Step 4: Edit & Finalize the Video
After the raw footage of the video is completed, then comes the post-production activities. This involves adding editing the raw footage into a cohesive and engaging video, adding music and sound effects, voice-overs, superimposing graphics, and giving the color a final polish.
There are several video editing software apps that you can use to snip and condense the video. You can use one of the popular editing apps like Adobe Premiere or Final Cut Pro, or you can use a collaborative web based video editor like Clipchamp.
The visual effects, the graphic effects, and the sound effects are all critical to making the video engaging. You can also add a Call to Action towards the end of the video if you want to lead the customer to the next step.
If people are speaking, you can add on-screen captions (useful for default muted platforms like Instagram) or get the video captioned later as a SRT file for YouTube.
When creating variations of your video for social media, you might need to incorporate some additional apps to create marketing videos with specific CTAs for every platform.
How to Distribute and Optimize Your Videos
Your hard work doesn’t stop at just uploading your videos to YouTube.
You need to make sure your video has the proper metadata and is cross-promoted across all your available channels.
Organic and Paid Distribution
The organic and paid distribution channels are often within the realms of website and email marketing.
You can add your marketing videos to:
- Product pages
- Landing pages
- Website homepages
- Blogs
- Video ads on other websites
- Webinars
- Case studies
- Email marketing
Social Media Distribution
You can promote your videos on social media platforms where a majority of your audience are residing. YouTube is one of the major video distribution platforms.
If you’re planning to make regular videos, then you must definitely have a YouTube channel. YouTube should be treated like a blog with a solid SEO strategy – each video should be optimized for a keyword to rank on YouTube.
Apart from YouTube, you can distribute the videos on other social media platforms like:
- Snapchat
- Twitch
You can publish the whole video, break them into small snippets and share them as a part of your social video marketing strategy. For example, you can break down the main video into a few second videos and share it on Instagram stories and posts. Similarly, you can do the same for other social platforms.

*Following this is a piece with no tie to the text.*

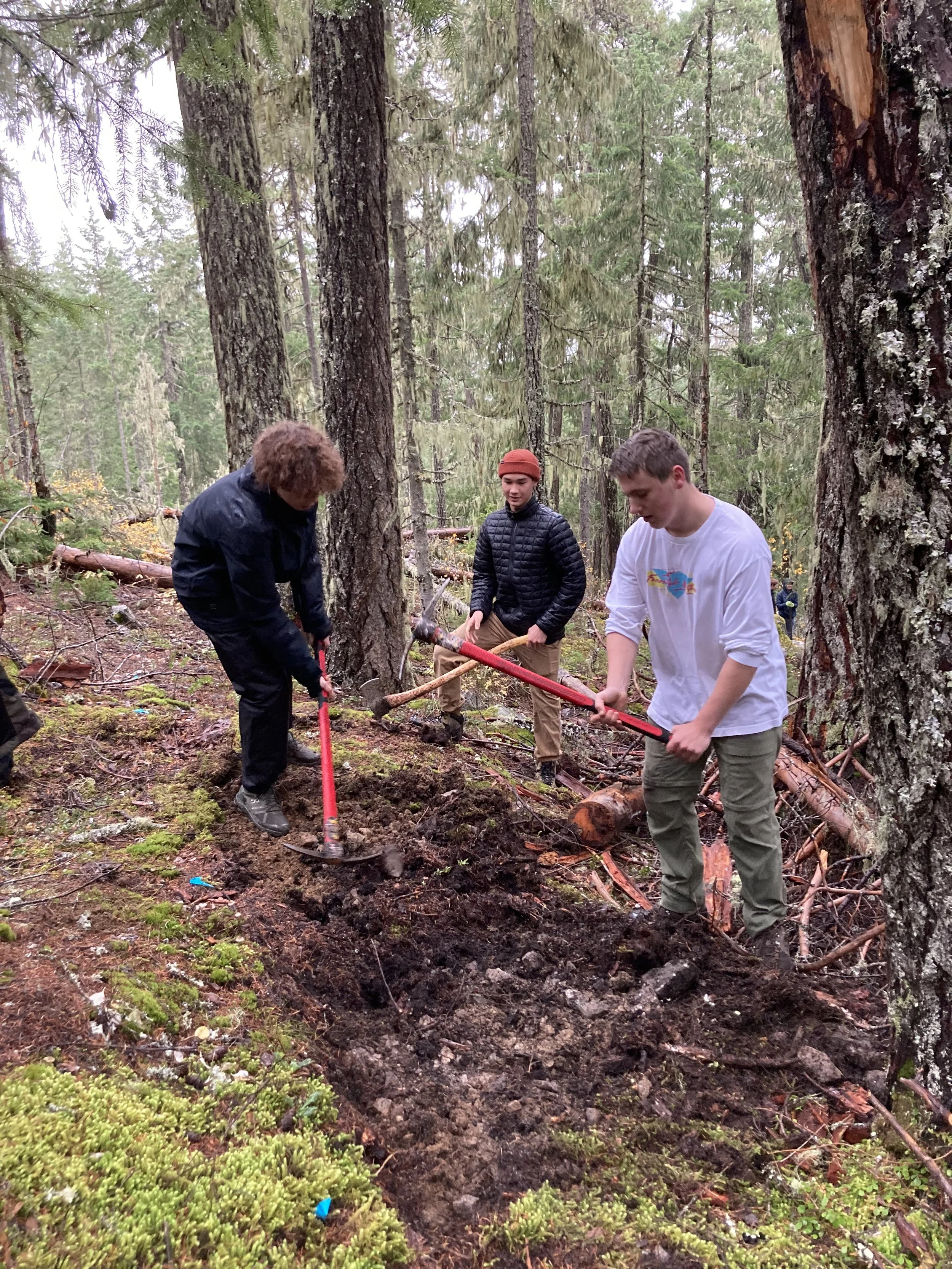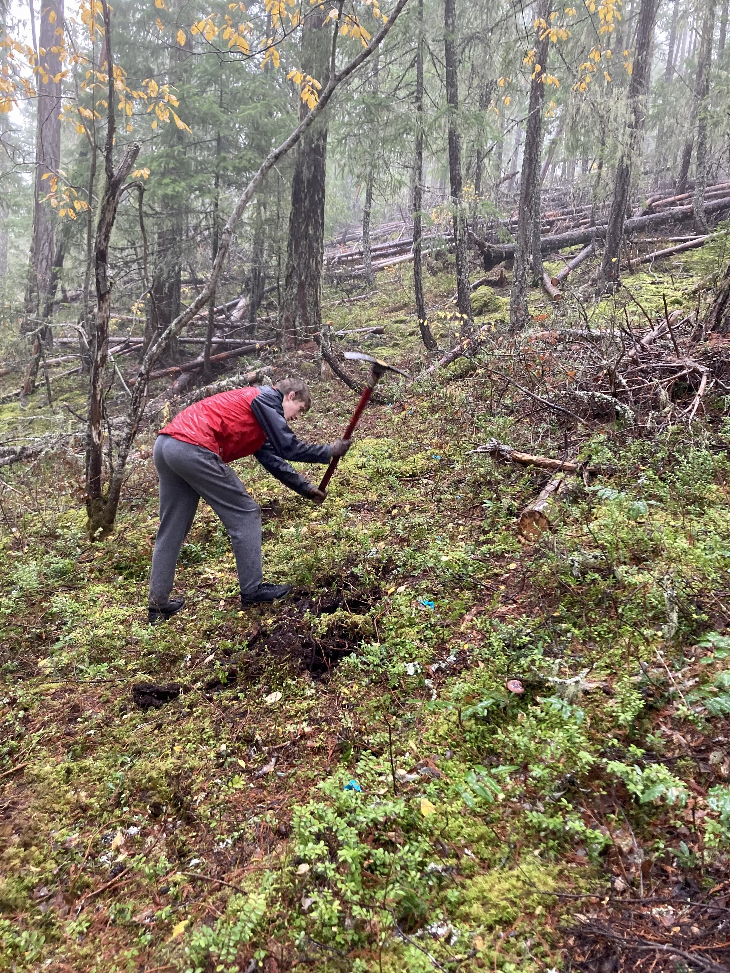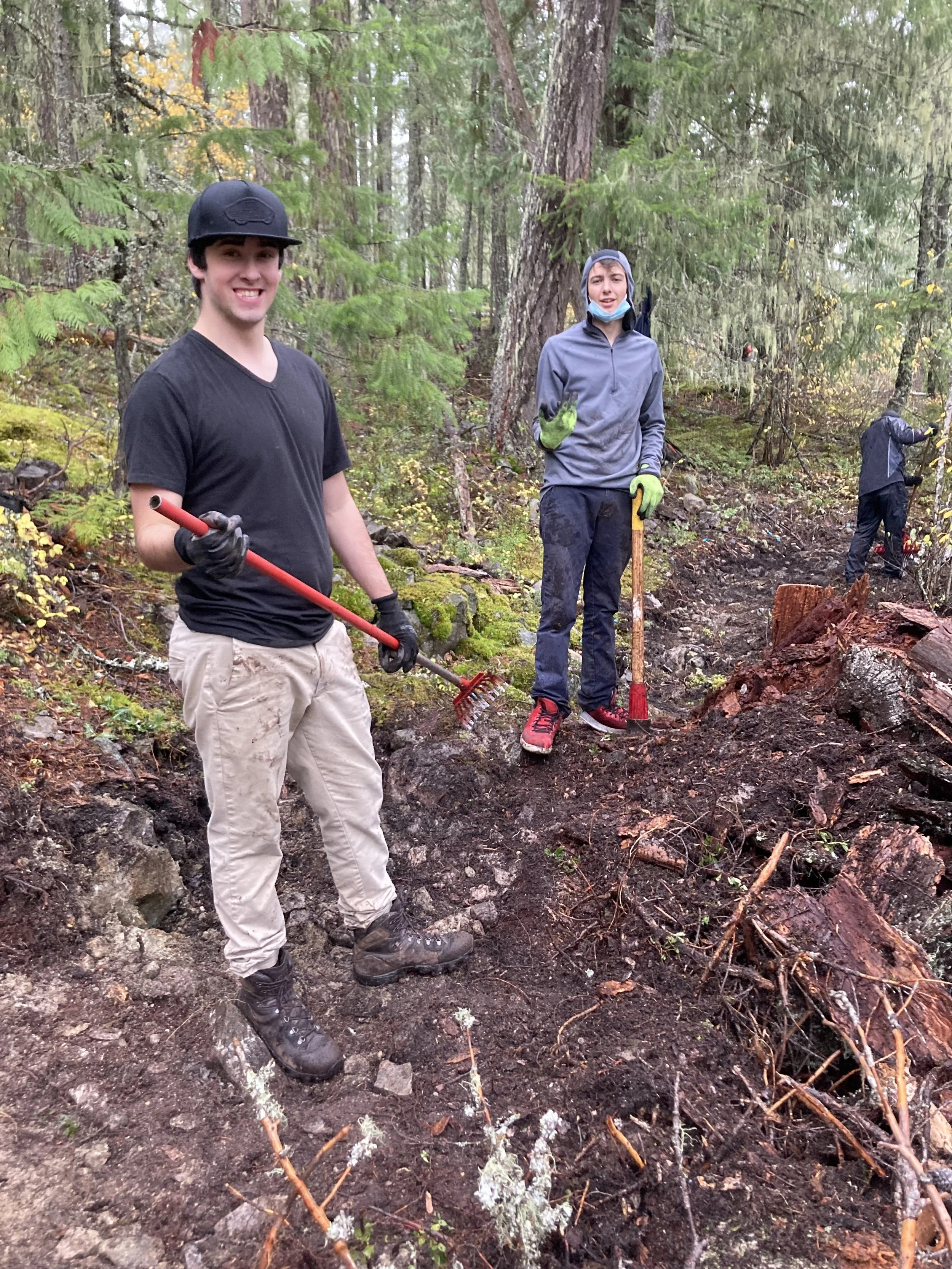 While the students moved mountains of duff, rock and dirt, Liam and Renee were constructing the crux of the project: a switchback (through a boulder field).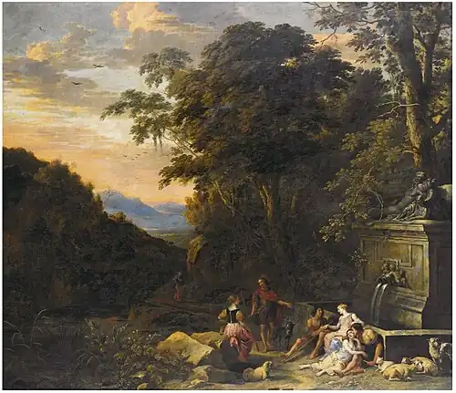 - ^ Gaspar de Witte, A Landscape with Travellers Stopping to Rest by a River at Sotheby's

How to Measure the Success of Your Video Marketing Strategy
Once you’ve released the video after long hours of planning, shooting and editing, the next most important thing to do is to track the results. You need to keep a constant eye on the video’s performance to gauge your audience’s response.
You need to track metrics like:
- Social media engagement: What are the numbers of likes, shares and comments?

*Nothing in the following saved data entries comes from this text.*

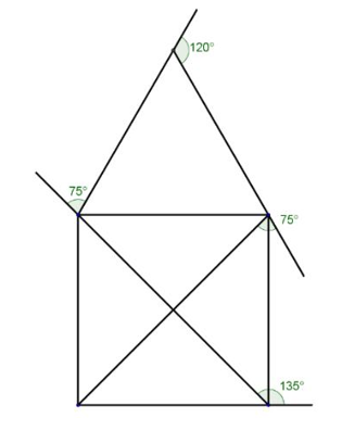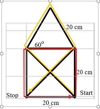 A piros színű útvonalról (lásd ábra) áttérünk a sárga útvonalra. A négyzet bejárása után, a robotnak fordulnia kell 135 fokot. A robot aktuális iránya és az új haladási irány között éppen 135 fokos fordulóra van szükség (90o + 45o). Ezután Pithagoras tételével kiszámíthatjuk a 20 cm oldalhosszú négyet átlójának hosszát: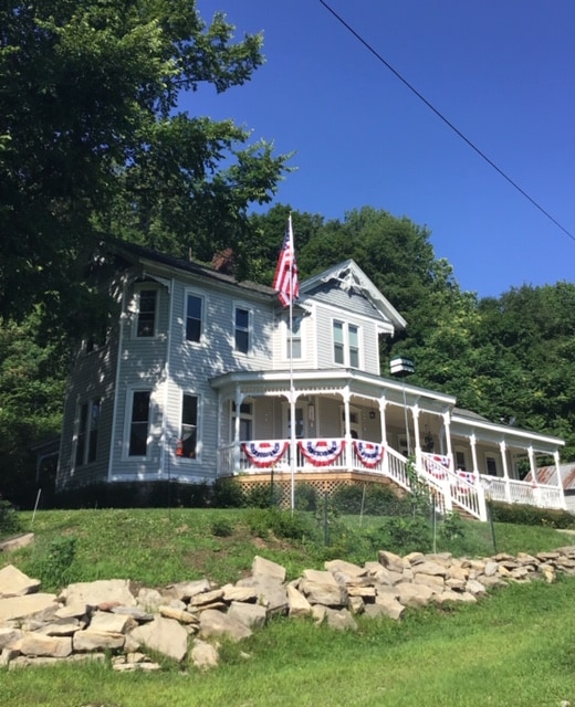 The America Room is named after America Dickinson, the sister of Thomas Childs Dickinson who first bought the house. A cozy retreat, we've decorated the America Room in patriotic red, white, and blue, along with some period antiques. The handmade heirloom quilt graces a queen-size bed. You have your own en suite private bathroom with a walk-in shower.   The full country breakfast is a different experience every day, from sausage gravy and biscuits, to Huevos Rancheros.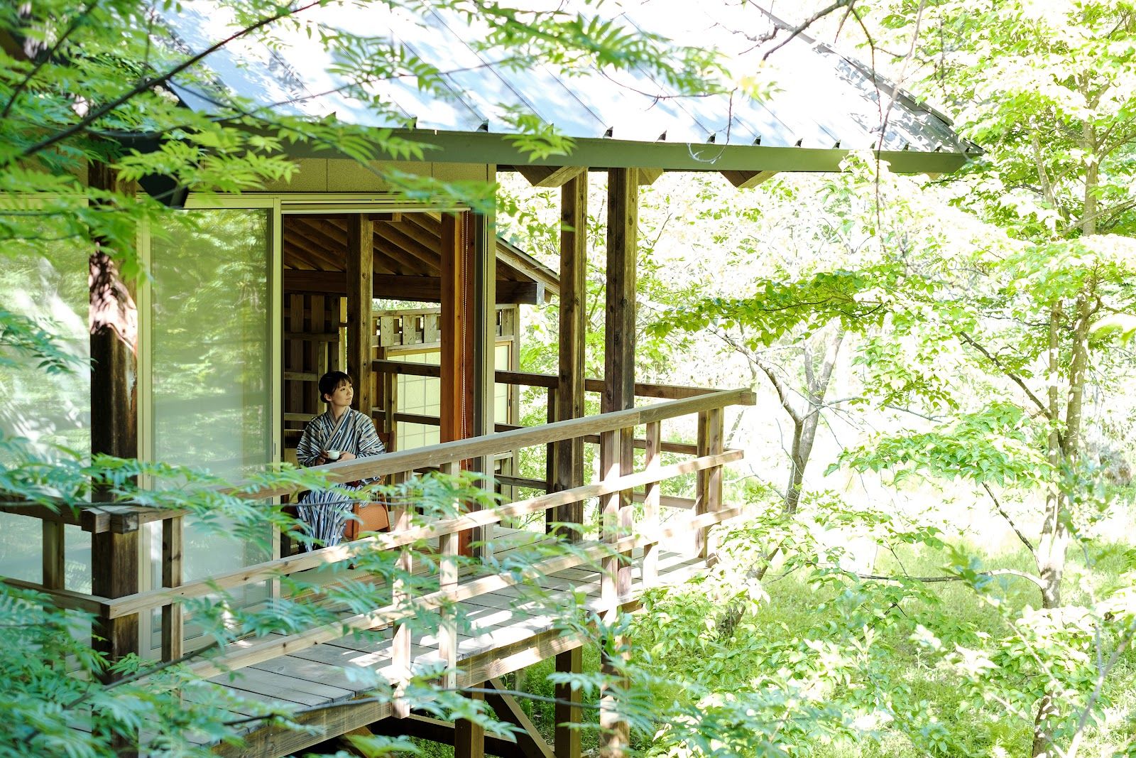 Serene forest retreat with hot springs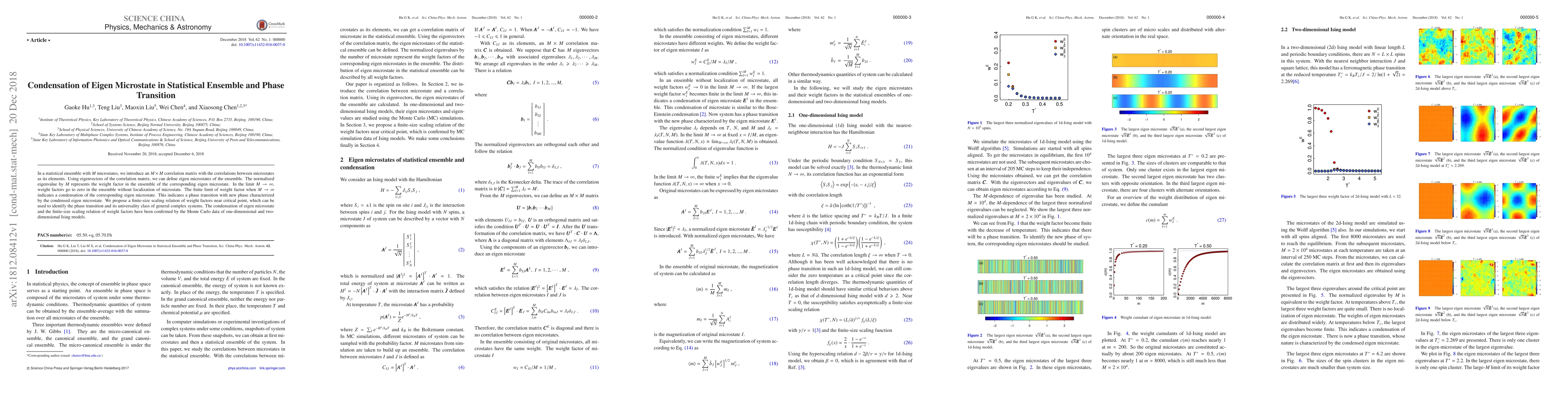 In a statistical ensemble with $M$ microstates, we introduce an $M \times M$ correlation matrix with the correlations between microstates as its elements. Using eigenvectors of the correlation matrix, we can define eigen microstates of the ensemble. The normalized eigenvalue by $M$ represents the weight factor in the ensemble of the corresponding eigen microstate. In the limit $M \to \infty$, weight factors go to zero in the ensemble without localization of microstate. The finite limit of weight factor when $M \to \infty$ indicates a condensation of the corresponding eigen microstate. This indicates a phase transition with new phase characterized by the condensed eigen microstate. We propose a finite-size scaling relation of weight factors near critical point, which can be used to identify the phase transition and its universality class of general complex systems. The condensation of eigen microstate and the finite-size scaling relation of weight factors have been confirmed by the Monte Carlo data of one-dimensional and two-dimensional Ising models.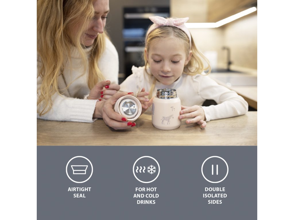 Vysokokvalitná termoska na jedlo a občerstvenie s objemom 300 ml udrží teplé jedlo až 12 hodín a studené jedlo až 24 hodín. Je vyrobená z kvalitnej nehrdzavejúcej ocele, ktorá je odolná proti korózii. Tesne priliehajúce viečko zaisťuje, že termoska nevyteká. Vďaka vákuovej izolácii sa termoska pri naplnení horúcim obsahom zvonku nezahrieva.

- Average watch time: How many people are watching the video till the end?
- Number of unique views: How many people have watched your video?
- Clickthrough rate: What percentage of the audience are clicking on the CTA?
- Conversion rate: What percentage of the audience are converting after watching the video?
Pay attention to these basic video marketing metrics to understand how your video is performing. If there’s a drop in the watch time or the conversion rate, then you can analyze and learn from your mistakes to create better videos the next time.
If your marketing videos have high social media engagement, then you can create your subsequent videos to serve that audience. Similarly, you can weigh in from your past video performances to create videos with better engagement.
Final Thoughts
Video marketing can provide an excellent opportunity for your brand to reach a broader audience. Videos are the preferred form of content by consumers, so it’s only natural that videos will become the focus in online advertising going forward and establish new ways brands advertise themselves on social media.
With many different social platforms promoting videos more than ever, this is the right time to take full advantage of it. You can follow these simple steps in our guide to create a powerful video marketing strategy and execute it flawlessly.